**TASK PROMPT**
For the listing that follows, give again exactly the lines from the one with "HOT ! 4th of" to the one with "这座12米高、带有转台的贵州", including both.

**MATERIAL SHOWN**
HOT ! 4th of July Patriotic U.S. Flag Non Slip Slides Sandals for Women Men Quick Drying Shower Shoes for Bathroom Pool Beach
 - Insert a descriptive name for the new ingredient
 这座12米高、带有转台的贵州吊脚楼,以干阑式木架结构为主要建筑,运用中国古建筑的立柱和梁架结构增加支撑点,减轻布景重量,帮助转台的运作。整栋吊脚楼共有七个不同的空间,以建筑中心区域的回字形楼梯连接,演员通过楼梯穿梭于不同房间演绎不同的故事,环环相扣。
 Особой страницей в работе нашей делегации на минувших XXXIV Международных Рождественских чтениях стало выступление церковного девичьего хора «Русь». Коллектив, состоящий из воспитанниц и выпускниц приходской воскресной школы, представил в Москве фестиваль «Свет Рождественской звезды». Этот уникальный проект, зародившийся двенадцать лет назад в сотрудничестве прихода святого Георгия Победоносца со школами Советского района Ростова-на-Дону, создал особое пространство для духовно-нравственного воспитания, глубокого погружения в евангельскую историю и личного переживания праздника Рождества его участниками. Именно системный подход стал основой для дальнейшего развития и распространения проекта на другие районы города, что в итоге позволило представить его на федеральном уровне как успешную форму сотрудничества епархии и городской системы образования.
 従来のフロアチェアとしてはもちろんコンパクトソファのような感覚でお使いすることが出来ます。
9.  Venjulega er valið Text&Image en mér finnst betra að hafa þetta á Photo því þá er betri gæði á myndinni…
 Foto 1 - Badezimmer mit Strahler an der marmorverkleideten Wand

--

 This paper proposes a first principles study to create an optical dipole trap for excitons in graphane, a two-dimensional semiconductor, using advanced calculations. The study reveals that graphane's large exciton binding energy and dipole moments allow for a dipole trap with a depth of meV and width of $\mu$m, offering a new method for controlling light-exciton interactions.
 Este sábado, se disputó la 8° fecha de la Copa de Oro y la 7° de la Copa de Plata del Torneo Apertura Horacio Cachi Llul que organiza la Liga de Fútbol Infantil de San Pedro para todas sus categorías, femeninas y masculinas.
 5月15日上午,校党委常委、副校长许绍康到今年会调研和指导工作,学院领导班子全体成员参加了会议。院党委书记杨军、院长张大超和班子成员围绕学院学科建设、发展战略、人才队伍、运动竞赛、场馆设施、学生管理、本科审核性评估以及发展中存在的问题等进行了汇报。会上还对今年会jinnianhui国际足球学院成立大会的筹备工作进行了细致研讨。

---

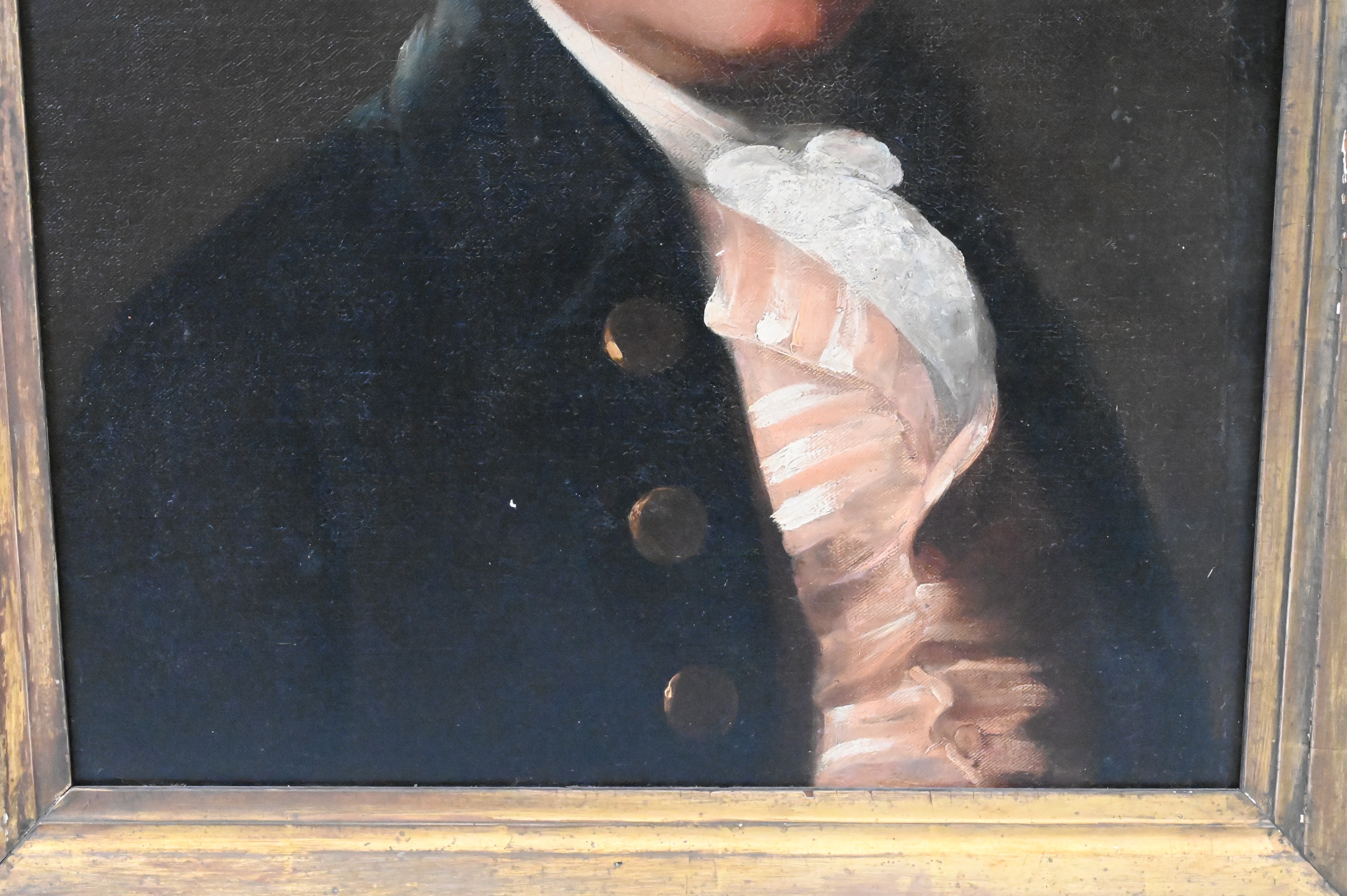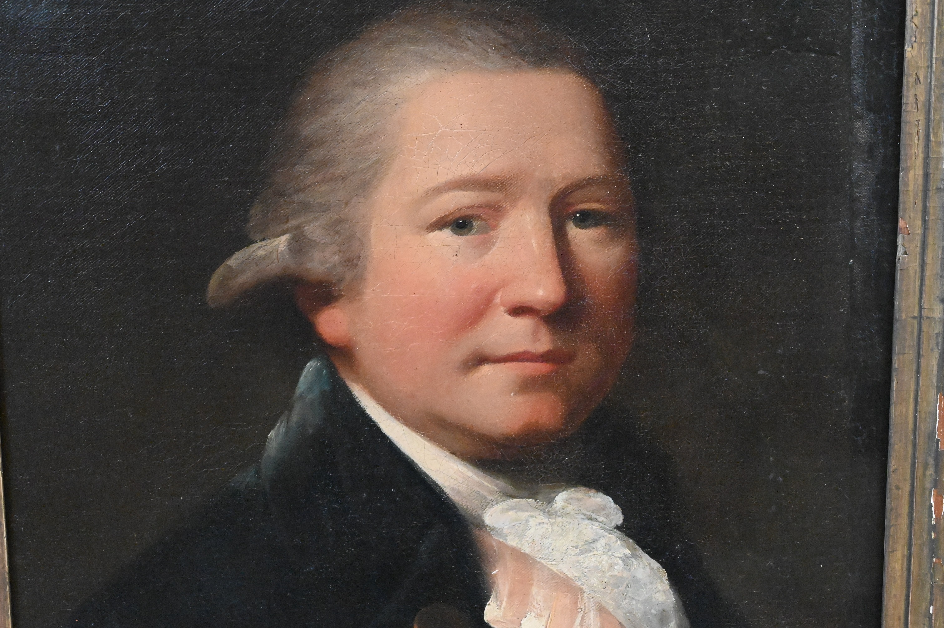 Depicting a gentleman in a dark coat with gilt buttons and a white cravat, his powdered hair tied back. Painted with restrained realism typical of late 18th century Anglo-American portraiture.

**OUTPUT OF THE EXERCISE**
HOT ! 4th of July Patriotic U.S. Flag Non Slip Slides Sandals for Women Men Quick Drying Shower Shoes for Bathroom Pool Beach
 - Insert a descriptive name for the new ingredient
 这座12米高、带有转台的贵州吊脚楼,以干阑式木架结构为主要建筑,运用中国古建筑的立柱和梁架结构增加支撑点,减轻布景重量,帮助转台的运作。整栋吊脚楼共有七个不同的空间,以建筑中心区域的回字形楼梯连接,演员通过楼梯穿梭于不同房间演绎不同的故事,环环相扣。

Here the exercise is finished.